I have always said I will not be married to my dad. I love my parents they have been married for almost 40 years but i just dont understand after living in the same house for 35 years how does my dad still not know where things go!
Post # 13
I’m pretty much a “nagger”… I can admit it. He’s at work all the time so when he comes home I have a “honey do” list that would make your head spin. Also because I just moved to North Carolina and don’t really have any friends I get upset when he wants to go fishing or whatever. I’ve really been trying to work on it but its hard because I hate spending time alone when I could be spending it with him, but on the other hand I know he needs guy time.
Boo… now I’m all guilty feeling again. lol
Post # 14
I am not a nagger and work very hard not to be.
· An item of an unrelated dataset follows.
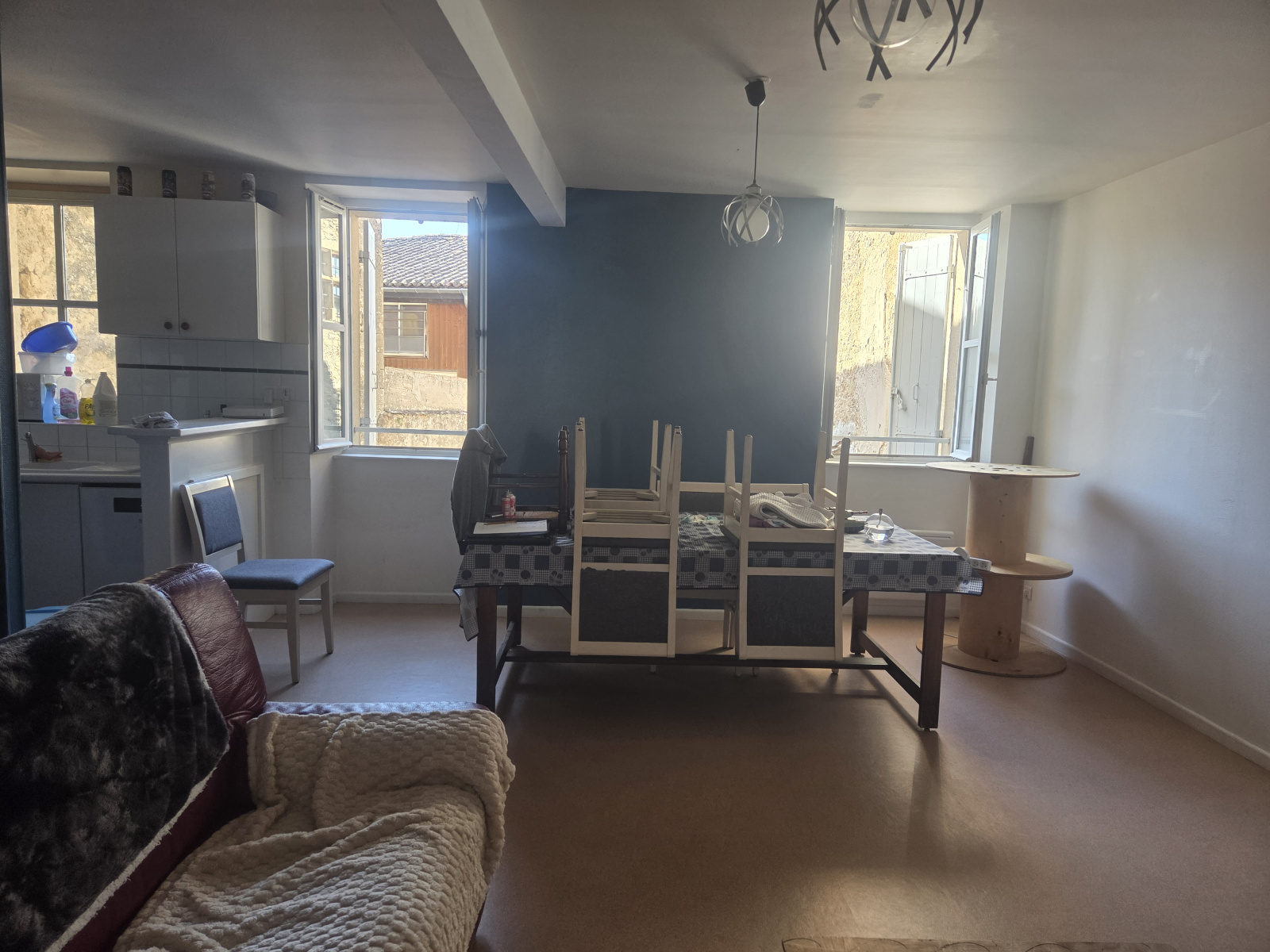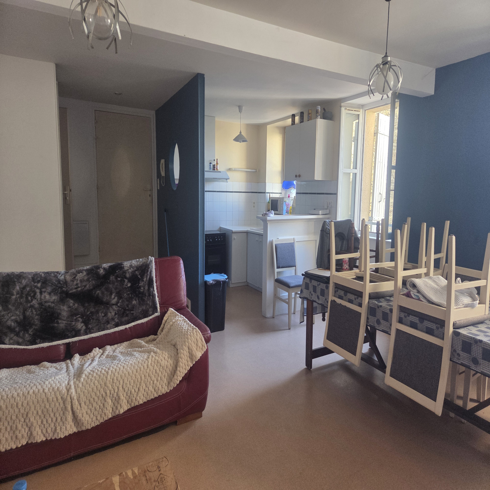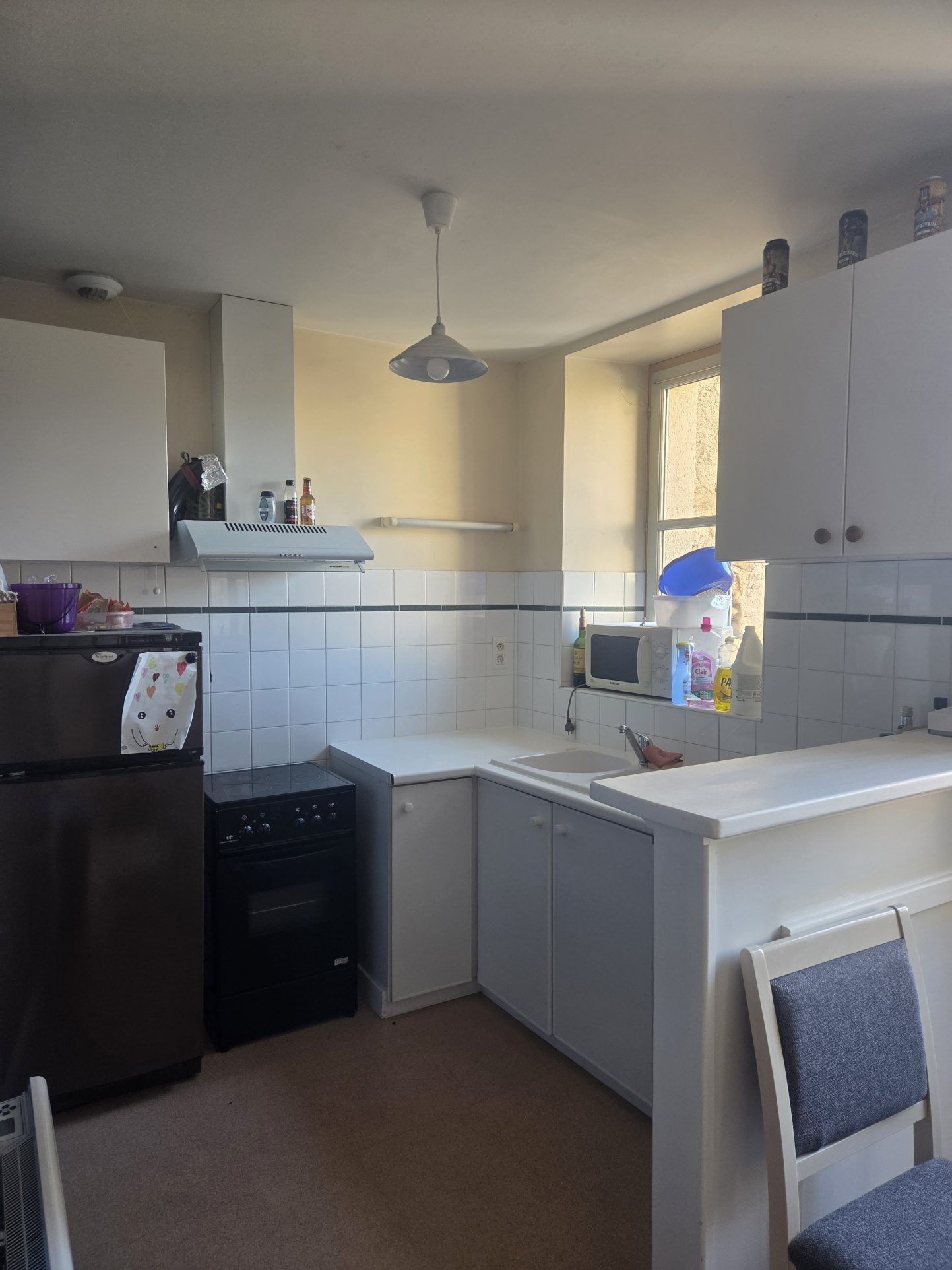 Au coeur de St Macaire, à proximité immédiate des commerces, apt T3 situé au 1er étage, composé d'un entrée avec placard, wc séparé, pièce de vie ouverte sur le coin cuisine avec placards et hotte, cellier, le coin nuit se compose de deux chambres avec placard, une salle de bain avec rangement.

Often, if I feel the need to nag coming on, I stop for a moment and think, “How important is this in the grand scheme of things?” Usually it isn’t important at all, so I let it go. I think it’s all about being self-aware and choosing your battles wisely.
Post # 15
Like someone else said I think it’s about remembering that the two of you are parnters and that hopefully you married/partnered a competent adult. For example, as an adult, I have the “right” to leave my shoes anywhere I please in my apartment, right? Now, it’s considerate for me not to do so if it bothers my partner (and I’ll do my best) but it is my decision. And it’s his decision how to load his dishes in his dishwasher. Or when to register his vehicle. He’s got as much ownership over the dishes as you do, you know?
It’s important to be considerate and polite if you want to live with someone else – or they will run away :). Important to compromise and try to accomdate your partner’s desires. But I think the stereotypical situation of one parnter incessently nagging presumes that everything is under the direction and control of the nagging partner and the nagged partner is helpless when in reality the nagged partner is in his/her right to refuse and the nagged partner will usually not actually starve and go bankrupt if left alone.
Post # 16
- Wedding: January 2011 - Vintage Villas
I try really, really hard not to nag. It’s something that comes kind of naturally to me because I’m a control freak, so it takes a lot of effort for me to not nag!
Generally, if something Fiance is forgetting to do and it is driving me crazy, I’ll do what I can to get it to where it doesn’t bother me anymore, and then I’ll leave it up to him – for example, a couple of weeks ago I was cleaning and his crap was ALL OVER the apartment. Random papers, clothes, etc. So I picked it all up and put it all on one place (on HIS desk in the bedroom). It took up like half the desk, and I told him that I’d really appreciate it if he could clean it up within the next few days (I gave him an actual day because he works well with deadlines).
Then, when he didn’t have it cleaned up and it was over a week after when I had asked him to finish it, I gently reminded him about it. It finally got done a few days later. It took everything I had not to nag him about it every day, but I figured it was in his space, not mine, and he’d get to it when he got to it. It’s really hard for me not to nag sometimes, but it’s worth the effort so we don’t end up fighting!